Antwoord op vragen van de leden Minhas en De Neef over de Zembla-uitzending dat spoorwerkers al ruim 10 jaar worden blootgesteld aan gevaarlijk kwartsstof
Antwoord schriftelijke vragen
Nummer: 2021D20666, datum: 2021-05-31, bijgewerkt: 2024-02-19 10:56, versie: 5
Directe link naar document (.pdf), link naar pagina op de Tweede Kamer site, officiële HTML versie (ah-tk-20202021-2982).
Gerelateerde personen:- Eerste ondertekenaar: W. Koolmees, minister van Sociale Zaken en Werkgelegenheid (Ooit D66 kamerlid)
- Mede ondertekenaar: S. van Veldhoven-van der Meer, staatssecretaris van Infrastructuur en Waterstaat (Ooit D66 kamerlid)

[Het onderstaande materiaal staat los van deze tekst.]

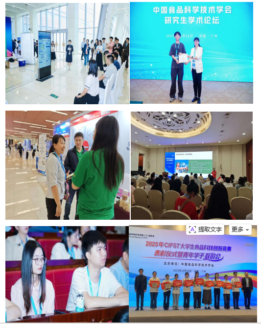 2025年10月29日-10月31日,中国食品科学技术学会(CIFST)第二十二届年会在广州隆重召开。本届年会由8家高校及科研院所共同承办,汇聚了孙宝国、朱蓓薇等多位工程院院士,以及近2000位食品领域的专家学者与青年学生,以多形式搭建跨界融合平台,推动产学研用一体化发展,为食品工业“十五五”新征程注入科技动能。365电子娱乐官方网站师生携创新成果参会,与业界精英进行了深入的交流与学习,为自身的学术研究和未来发展汲取了宝贵经验。在学术交流中拓宽视野,在竞赛舞台上斩获佳绩,充分展现了学院的学科实力与人才培养成效。

- Toetsing beleid spoorbranche kwartsstof aan de Arbeidsomstandighedenwet
- Onderzoek naar het vrijkomen van stof en schadelijke componenten tijdens handelingen met ballast
- Onderzoek Arbeidsomstandigheden onderhoud spoorwegen
Onderdeel van zaak 2021Z05740:
- Gericht aan: S. van Veldhoven-van der Meer, staatssecretaris van Infrastructuur en Waterstaat
- Gericht aan: W. Koolmees, minister van Sociale Zaken en Werkgelegenheid
- Indiener: F.B. Minhas, Tweede Kamerlid
- Medeindiener: D. de Neef, Tweede Kamerlid
- Voortouwcommissie: TK
Preview document (🔗 origineel)
Tweede Kamer der Staten-Generaal | 2 |
Vergaderjaar 2020-2021 | Aanhangsel van de Handelingen |
Vragen gesteld door de leden der Kamer, met de daarop door de regering gegeven antwoorden |
2982
Vragen van de leden Minhas en De Neef (beiden VVD) aan de Staatssecretaris van Infrastructuur en Waterstaat en de Minister van Sociale Zaken en Werkgelegenheid over de Zembla-uitzending dat spoorwerkers al ruim 10 jaar worden blootgesteld aan gevaarlijk kwartsstof (ingezonden 12 april 2021).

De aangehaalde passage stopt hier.